Comparison of the hr regions between HearMNPV and MacoNPV-B. Panel A: a deduced consensus sequence of domains A and B from each hr region was used for this alignment. Conserved sequences are indicated with different shading: black indicates 100% conservation, gray >70% conservation, and no shading <70% conservation. Panel B: arrows represent the direction and positions of the repeat-A and repeat-B regions, black boxes represent type A repeats and blank boxes represent type B repeats.

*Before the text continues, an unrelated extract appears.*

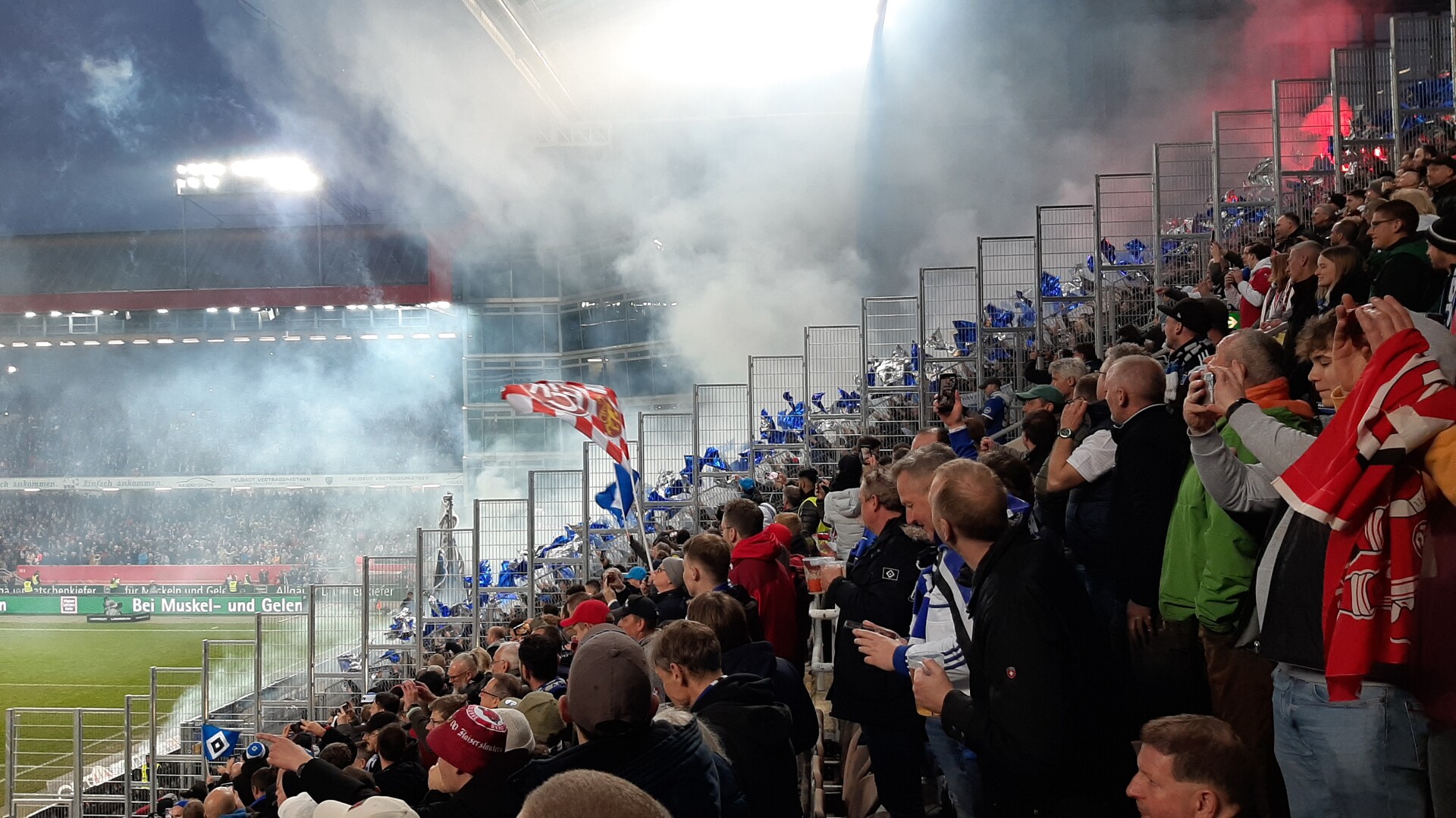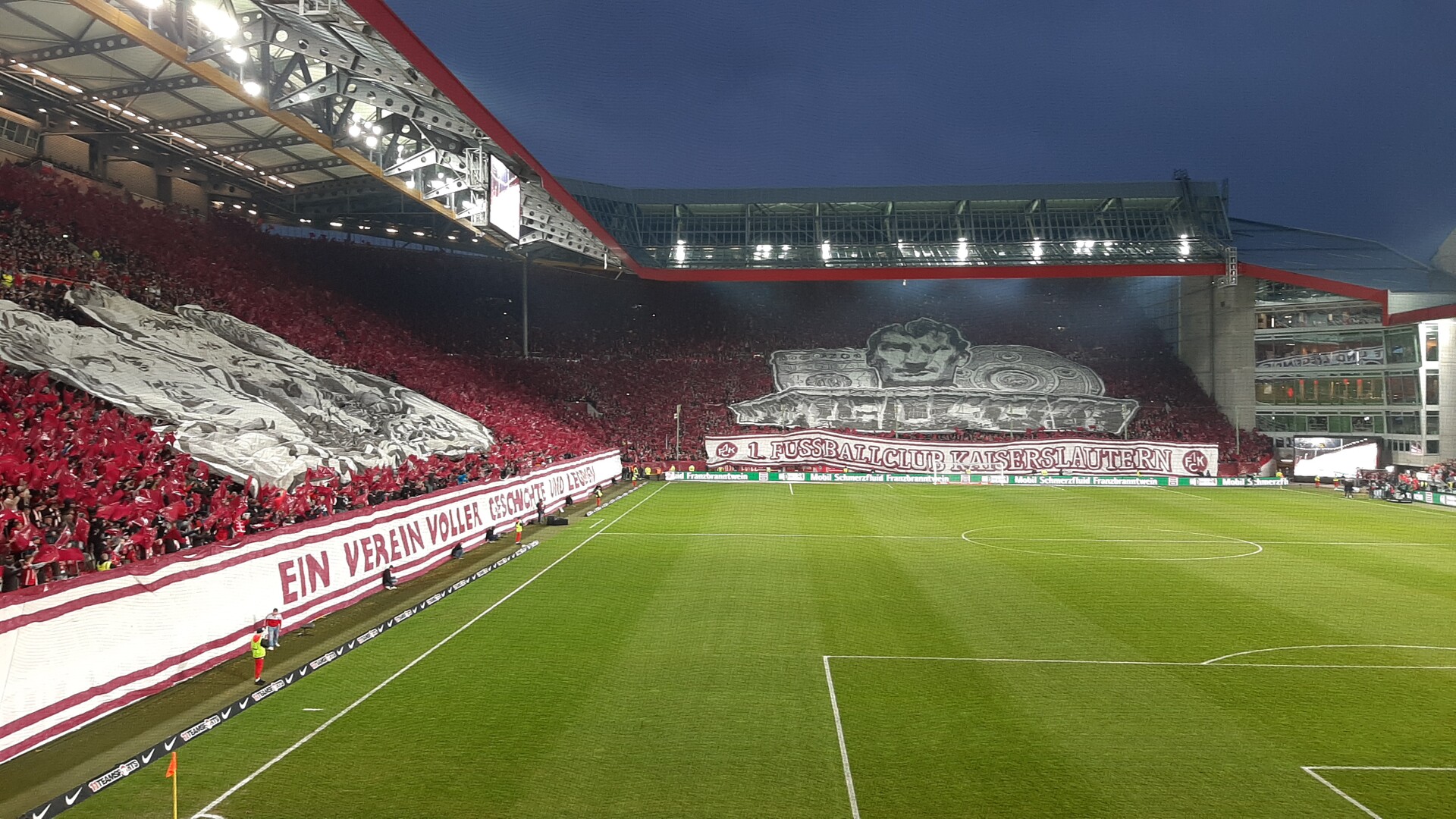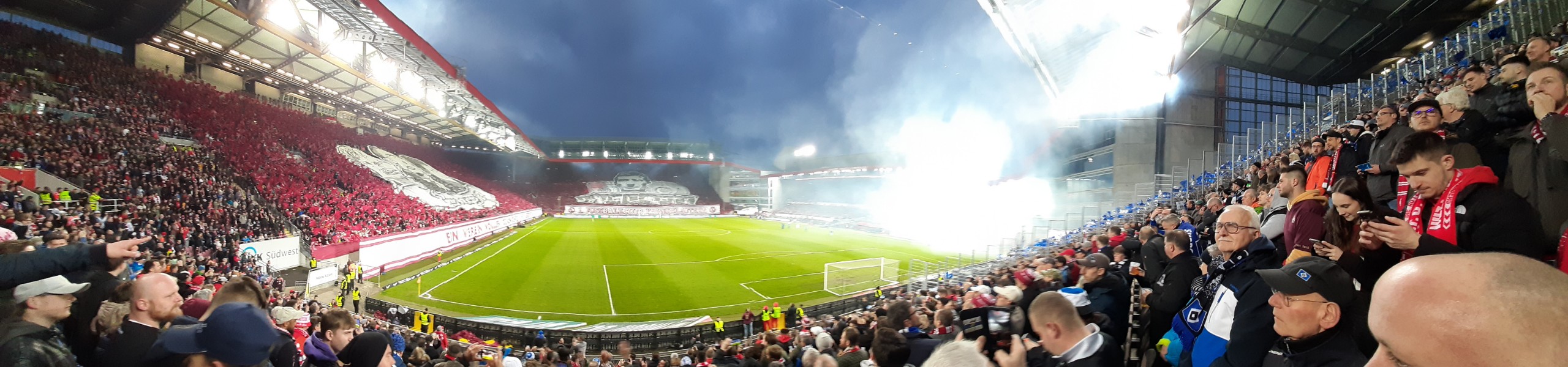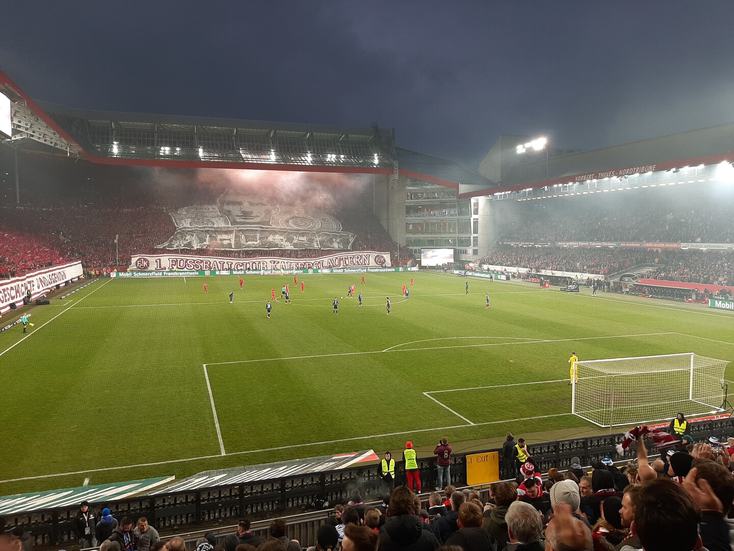 Eindruck auf mich einwirken und ahnte schon, es würde ein besonderer Abend werden. Kurze Zeit später kamen bereits beide Mannschaften zum einlaufen rein und es wurde auf beiden Seiten sehr laut. Noch 10 Minuten bis zum Spiel. Der Betzenberg war mit 49.326 Zuschauern ausverkauft und die Stimmung war absolut Erstligareif. Die Choreografie war einfach nur Gänsehaut pur! Unterstützt wurde diese seitens der HSV-Fans (leider) mit Bengalos und Knaller die in den Himmel geschossen wurden.

The four hrs of HearMNPV are located at similar positions in the genome as those of MacoNPV-B and MacoNPV-A. Sequence alignment between HearMNPV and MacoNPV-B hrs indicated that these four homologous regions had some insertions/deletions of different sizes, giving rise to identities of 92.0%, 92.3%, 86.6%, 81.9%, respectively. hr1 has three insertions, two of 52 bp and 43 bp that contained only a type A repeat, and one of 147 bp that contained type A and type B repeats. hr2 has two insertions (209 bp and 81 bp) that contained both type A and type B repeats. hr3 has the biggest deletion (489 bp) and another large deletion of 136 bp, which also contained both type A and type B repeats. hr4 has a small deletion of 69 bp that also contains both type A and type B repeats (Figure 9B). The HearMNPV hr4 (724 bp) is shorter than the MacoNPV-B hr4 (1178 bp) occurrence, probably caused by the presence of HearMNPV ORF139, which is adjacent to HearMNPV hr4. HearNPV NNg1 contains five hrs (hr1-hr5), similar to HearNPV C1, G4, and HzNPV. The arrangement of these hrs on the genome is almost the same in HearNPV C1, G4 and HzNPV, and it is possible that variability in the hr sequences affect not only progeny virus production, but also the insecticidal activity of the Helicoverpa spp. NPVs [9]. The homologous regions are also suggested to be responsible for the difference in virulence between two Mamestra configurata NPV-A variants, v90/4 and v90/2 [54], indicating that the difference in the organization of the homologous regions of HearMNPV and MacoNPV-B are possibly associated with mechanisms of recombination.

Conclusion

HearMNPV differs significantly from HearSNPV not only in biological properties and morphology, but also in gene content, arrangement, and homology level based on genome sequence comparison, which considered to be different viruses, and not variants of the same virus. Although the average amino acid sequence identity between HearMNPV and MacoNPV-B is 98.5%, but their effective host range are different. Moreover, a 5.4-kb segment of the MacoNPV-B genome which is the apparent result of recombination with an ancestor of XecnGV is absent in the HearMNPV genome, suggesting that the recombination event responsible for the occurrence of this 5.4 kb segment occurred after the divergence of MacoNPV-B and HearMNPV. The location and length of HearMNPV orf66 and MacoNPV-B orf18 are different in their respective genomes. Phylogenetic analysis indicated that these events may occur after MacoNPV-B and MacoNPV-A separated from their ancestor. These distinct differences between HearMNPV and MacoNPV-B may account for their different host range.